Il est crucial de contribuer à la création d’une nouvelle génération de dirigeants africains ayant la capacité et la détermination de faire face aux défis du continent pour favoriser le développement de l’Afrique. Les sujets tels que l’approvisionnement fiable en eau, les sources d’énergie renouvelables et le changement climatique doivent être abordés afin d’assurer le développement durable. L’enseignement supérieur a un rôle important à jouer dans la promotion des systèmes d’innovation et dans la procuration d’une main-d’œuvre hautement qualifiée. L’Université PanAfricaine (PAU), une initiative clé de la Commission de l’Union africaine, se consacre à cette mission. L’Institut de l’Université PanAfricaine pour les Sciences de l’Eau et de l’Énergie (PAUWES) est hébergé par l’Université d’Abou Bekr Belkaïd de Tlemcen (Algérie). Depuis sa création en 2014, un total de 152 étudiants issus de 25 pays à travers l’Afrique se sont inscrits dans le cadre des programmes d’études. 80 candidats supplémentaires seront admis à l’automne 2017. L’Institut PAUWES bénéficie de nombreuses collaborations internationales en matière de recherche et d’enseignement, et du soutien du programme allemand de coopération avec l’Union africaine.

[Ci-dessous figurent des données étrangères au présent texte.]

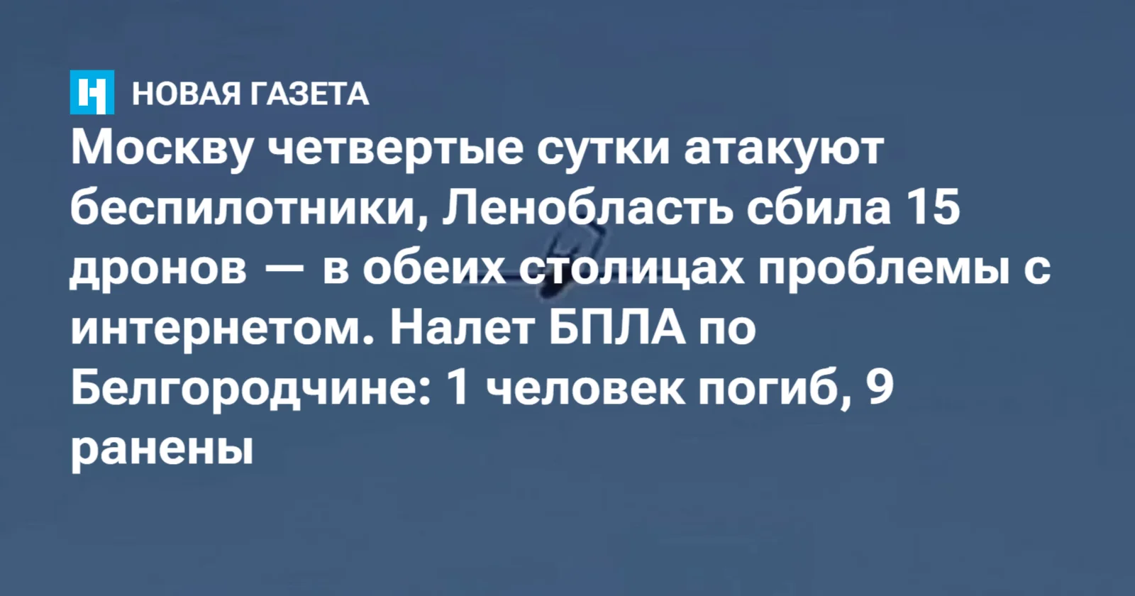 Мэр Москвы Сергей Собянин за ночь и раннее утро рассказал о 38 беспилотниках, сбитых ПВО Минобороны на подлете к столице. Вчерашний вечер тоже закончился сводками о сбитых ударных дронах. О жертвах и пострадавших Собянин не сообщал. Губернатор Московской области Андрей Воробьев в Telegram проигнорировал тему атак БПЛА, отчитавшись о рабочей поездке в один из районов.

À l’heure actuelle, l’Institut PAUWES propose quatre programmes de master de deux ans dans les domaines de l’eau et de l’énergie. Les étudiants qui souhaitent devenir de futurs ingénieurs ont le choix entre un master en ingénierie de l’eau et un master en génie énergétique. Les étudiants intéressés par le domaine de la gouvernance ont le choix entre le master en sciences politiques relatives à l’eau et le master en sciences politiques relatives à l’énergie. La langue d’enseignement de tous les cours est l’anglais.

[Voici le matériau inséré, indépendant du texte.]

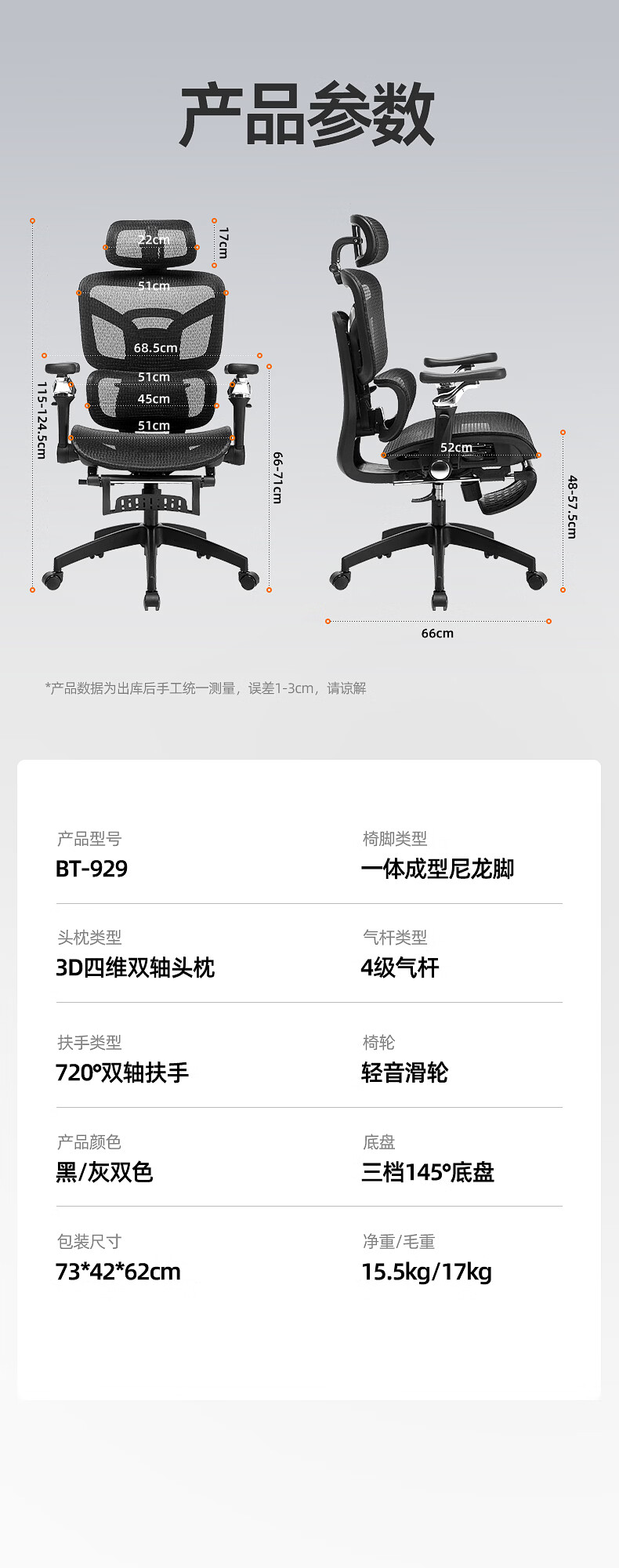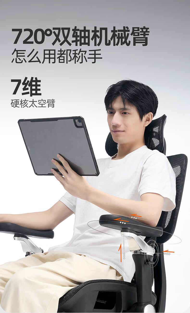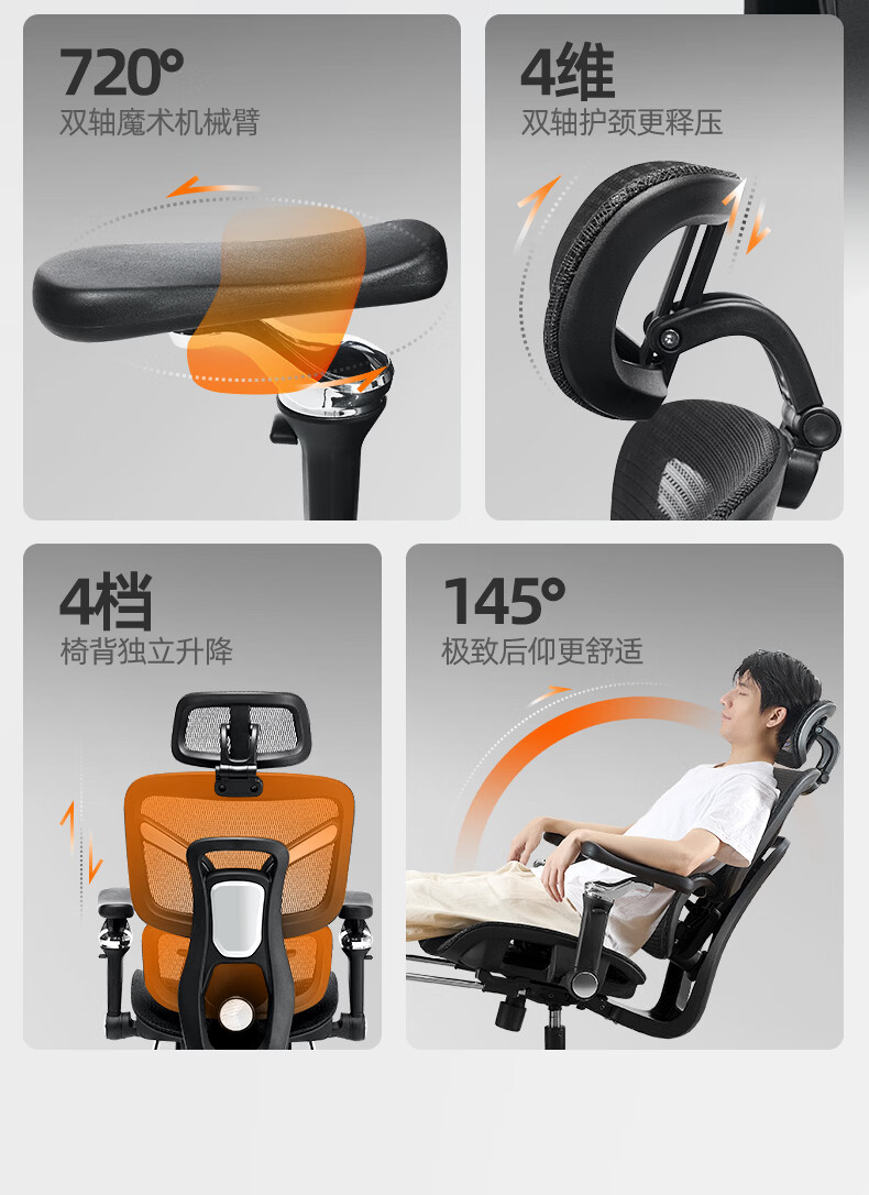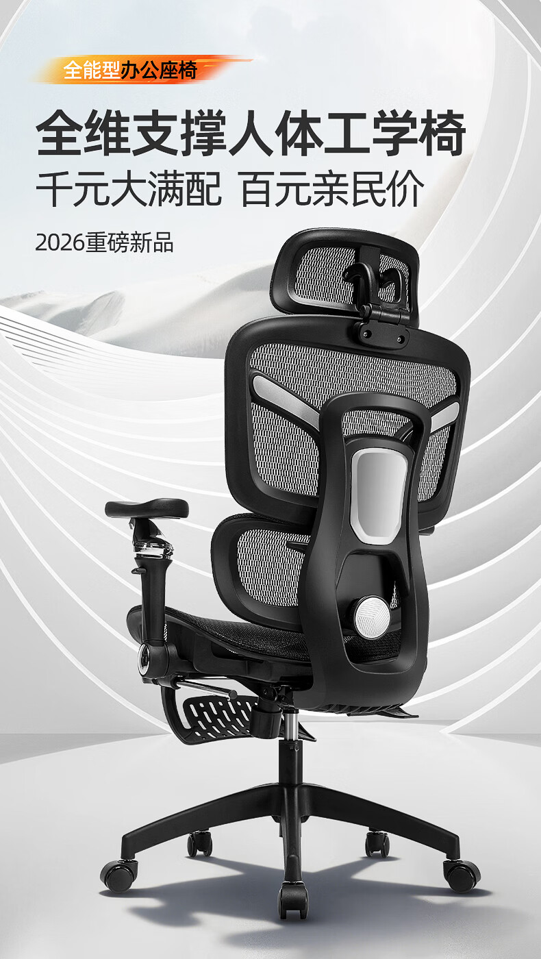 博泰 电脑椅 人体工学椅家用电脑椅午休可躺椅透气网办公转椅929黑色

L’Institut PAUWES s’efforce d’équilibrer la théorie et la pratique par le biais de stages internationaux, d’études de cas, de visites sur le terrain et de cours d’été. En vue de fournir aux étudiants les compétences techniques spécifiques de leurs domaines d’étude, un large éventail de cours optionnels sont proposés (p. ex. énergie solaire, éolienne, géothermique et issue de la biomasse, eau et assainissement, gestion intégrée des ressources en eau, analyse des politiques et recherche ou éthique et leadership).

Les diplômés de l’Institut PAUWES bénéficient d’un large éventail de perspectives de carrière. Dotés de connaissances théoriques et pratiques, ils sont destinés à assumer des responsabilités dans l’administration publique, la politique, la recherche, les entreprises privées, les organisations de la société civile ou de conseil. L’accès au réseau d’experts international de l’Institut fournit une impulsion supplémentaire aux carrières des diplômés. Des programmes de promotion de carrière sont proposés pour favoriser l’insertion professionnelle. Tous les étudiants de l’Institut PAUWES reçoivent des bourses complètes (couvrant les frais de scolarité et de subsistance) à la suite du processus concurrentiel d’admission.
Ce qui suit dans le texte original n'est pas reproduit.